### REQUIRED ACTION:
The line with "Кулон из янтаря" starts the range, and the last line of the listing ends it. Retype that range exactly, without pictures.

### SUPPLIED MATERIAL:
Content starts
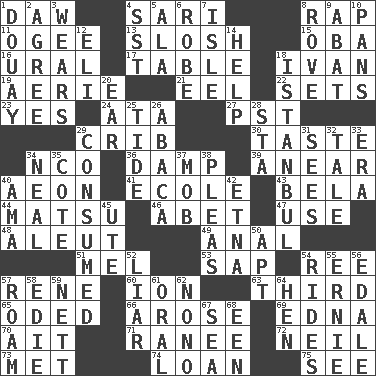 ACROSS 1. Simpleton 4. Indian skirt 8. Reproach for some lapse or misdeed 11. Double curve, resembling the letter S 13. Splash clumsily 15. Chief or king in Benin or Nigeria 16. Mountain range 17. Eating place 18. _ the terrible 19. Nest on high 21. Snakelike fish 22. Puts into a specified state 23. Consenting reply 24. "One Day ___ Time" 27. Pacific Standard Time (abbr.) 29. Baby bed with high sides 30. Clothes sense 34. Non-commissioned officer (abbr.) 36. Moist 39. Approach 40. A really long time 41. Learning spot: Fr. 43. Actor Lugosi 44. Taiwanese island in East China Sea 46. Collude with 47. Purpose 48. Eskimo relative 49. Of or related to the anus 51. Cartoonist voice _ Blanc 53. Plant excrement 54. Portuguese money of account (variant) 57. French philosopher Descartes 60. Electrically charged atom 63. One of three equal parts 65. Wrote a lyric poem 66. Came up 69. Pulitzer Prize-winning author Ferber 70. Small island 71. The wife of a rajah (variant) 72. Famous astronaut Armstrong 73. Was introduced to 74. Grant temporary use of 75. Perceive with the eye DOWN 1. A city in N France, SE of Calais 2. Match 3. Puts on (as clothing) 4. Fast jet (abbr.) 5. In the manner of 6. Loose flowing garment 7. Small island 8. Be footloose 9. Blind as ____ 10. Baking dishes 12. Biblical high priest 14. Aid 18. Byzantium, centuries later 20. Ewer handle 25. Periodic rise and fall of the sea level 26. Phillipine bananalike plant 28. R.R. building 29. Ingested 31. Perceives with the eye 32. Falsehood 33. Epoch 34. Actress Patricia 35. ____ d'Azur (French Riviera) 37. Disorderly crowd 38. Entreaties 40. Nursemaid (var.) 42. Inactive volcano in Sicily 45. Shoshoni 50. Fitting 52. One who doesn't tell the truth 54. Amusement-park features 55. Bert's buddy 56. Peak District village in England 57. Wander 58. Singer Brickell 59. Remaining after all deductions 61. Relating to the mouth 62. Words to Nanette 64. Layer 67. Ocean 68. Car or cant ending
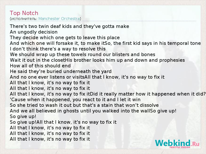 There's two twin deaf kids and they've gotta make An ungodly decision They decide which one gets to leave this place And which one will forsake it, to make itSo, the first kid says in his temporal tone I don't think there's a way to resolve this We should wrap up these towels round our blisters and bones Wait it out in the closetHis brother looks him up and down and prophesies How all of this should end He said they're buried underneath the yard And no one ever listens or visitsAll that I know, it's no way to fix it All that I know, it's no way to fix it All that I know, it's no way to fix it All that I know, it's no way to fix itDid it really matter how it happened when it did? 'Cause when it happened, you react to it and I let it win So she tried to wash it out but that's a stain that won't dissolve And we all believed in ghosts until you walked into the wallSo give up! So give up! So give up!All that I know, it's no way to fix it All that I know, it's no way to fix it All that I know, it's no way to fix it All that I know, it's no way to fix it
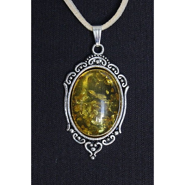 Кулон из янтаря иск., цвет зеленый, овал 25х18мм, оправа "медальон"
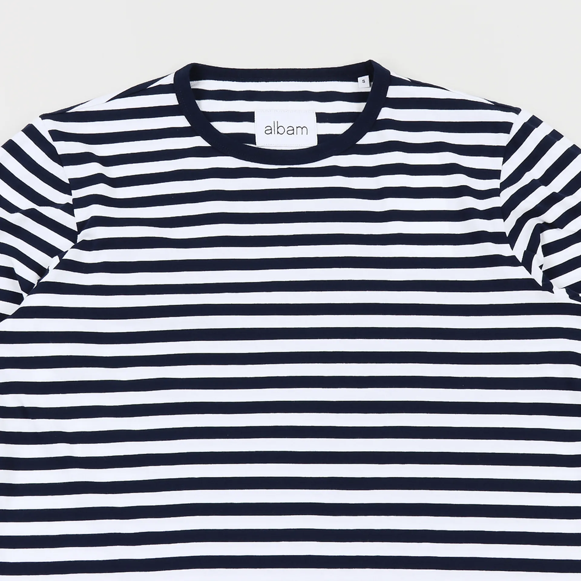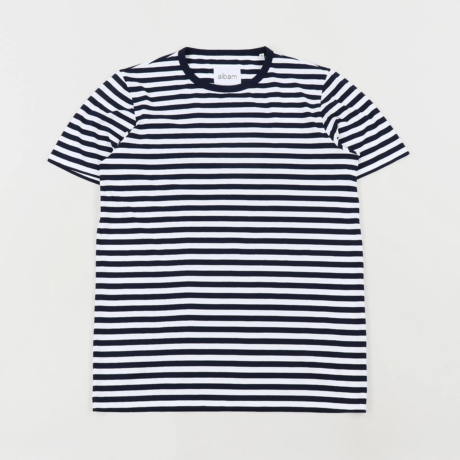 Albam was founded in 2006, and reels inspiration from numerous ponds, coming together to produce contemporary menswear that combines timeless utilitarian ideals, such as quality production and construction, with a blend of modern and retro silhouettes and styles. This tee is made from 100% cotton in an extremely soft and comfortable single jersey which was made in Portugal. It has a ribbed crew neck and the simple stripe pattern.
Content ends
### EXERCISE ANSWER:
 Кулон из янтаря иск., цвет зеленый, овал 25х18мм, оправа "медальон"
 Albam was founded in 2006, and reels inspiration from numerous ponds, coming together to produce contemporary menswear that combines timeless utilitarian ideals, such as quality production and construction, with a blend of modern and retro silhouettes and styles. This tee is made from 100% cotton in an extremely soft and comfortable single jersey which was made in Portugal. It has a ribbed crew neck and the simple stripe pattern.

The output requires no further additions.